S’il fut l’un des premiers à rejoindre le Centre expérimental de Vincennes, il fut peut-être aussi celui qui honora jusque dans l’âge le plus avancé la mission d’enseignement et de recherche qu’il avait alors acceptée. Ce n’est qu’après 2018, alors qu’il voyait arriver le moment de devenir centenaire, qu’il mit fin à son célèbre séminaire. Lorsque le jeudi soir René Schérer, entouré de quelques étudiant.es, arrivait au département de philosophie, quelque chose comme une autre temporalité sensible s’installait. Se faisant entendre depuis un espace circonscrit imposé par la relative surdité de René, une voix d’une tonalité très particulière s’élevait, instituait une scène inimitable d’écoute et d’échange, agrégeait autour d’elle comme autour d’un colombarium qui aurait été conçu pour donner leur envol à des idées philosophiques inouïes.

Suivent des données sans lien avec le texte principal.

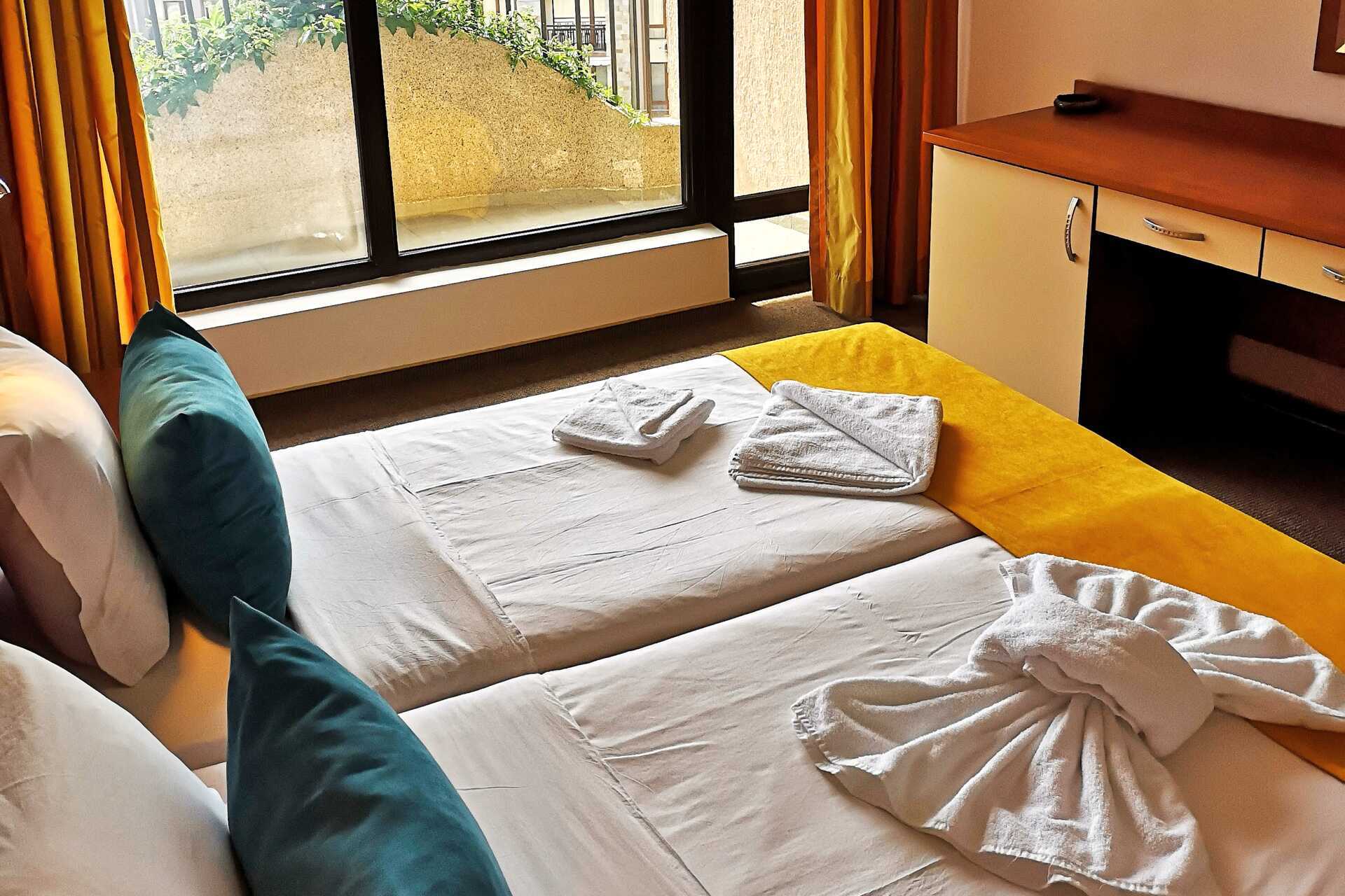 Familjerum med balkong. Två enkelsängar. Möjlighet till extrabäddar i bäddbar soffa. Kostnadsfritt wifi. Luftkonditionering och deponering mot avgift. Heltäckningsmatta. Kylskåp. Tv med lokala kanaler. Badrum med dusch samt wc. Städning 7 ggr/vecka.

René Schérer laisse une œuvre importante composée de près d’une trentaine de livres publiés en nom propre ou en collaboration entre 1961 et 2017, qui l’aura mené d’un travail de présentation et de traduction de la phénoménologie husserlienne comprenant notamment la mise à la disposition du public français des quatre volumes des Recherches Logiques de Husserl vers l’analyse philosophique de la communication prise pour sujet de sa thèse, avant que l’impact des événements de 1968 sur les tâches, méthodes et horizons qui s’ouvraient au travail philosophique ne l’oriente vers un long et personnel chemin de réflexion, où, s’aidant de Charles Fourier, Gabriel Tarde et Gilles Deleuze, il ne cessera de remettre sur le chantier la question du mode de fabrication des sujets humains et des rapports que crée et autorise entre eux une civilisation qui se laisse régulièrement convaincre de s’en tenir aux schémas de compréhension qu’elle a déjà plaqués sur le miroitement infini de la vie. Accordant une attention exceptionnelle aux possibles dont le désir multiforme de « changer de vie et de société » d’après 1968 ne cessa de produire des images variées, il se reconnut dans la tâche d’entreprendre l’édification d’un imaginaire rigoureux dans lequel l’homosexualité, admise à prendre le rôle et la fonction de donnée immédiate de la conscience, apprendrait à impulser un examen de grande ampleur critique, utopique, poétique des catégories et constructions des sciences humaines et sociales qui connaissaient au cours des mêmes années un essor et un renouvellement considérables. Les reconfigurations qu’il proposa de la question éducative et de la question de l’hospitalité se sont propagées au-delà des frontières.

Outre ses livres et ses nombreuses conférences, pour partie perdues, quatre films tournés entre 1975 et 2016 continueront d’attester jusque dans la mémoire de la contre-culture l’autre manière de voir ainsi que l’autre ambition de penser que René Schérer essaya de faire advenir. 


Bibliographie partielle et partiale :
Charles Fourier ou la Contestation globale, Paris, Seghers, 1970; réédition Paris, Séguier, 1996.
L’Âme atomique. Pour une esthétique d’ère nucléaire (avec Guy Hocquenghem), Paris, Albin Michel, 1986.
Pari sur l’impossible. Études fouriéristes, Saint-Denis, Presses universitaires de Vincennes, 1989.
L’Écosophie de Charles Fourier, Paris, Economica, 2001.
En quête de réel. Réflexions sur le droit de punir, le fouriérisme et quelques autres thèmes – Entretien avec Tony Ferri, Paris, L'Harmattan, 2014.
Fouriériste aujourd'hui, suivi de Études et témoignages, sous la dir. de Yannick Beaubatie, Tulle, Éditions Mille Sources, 2017.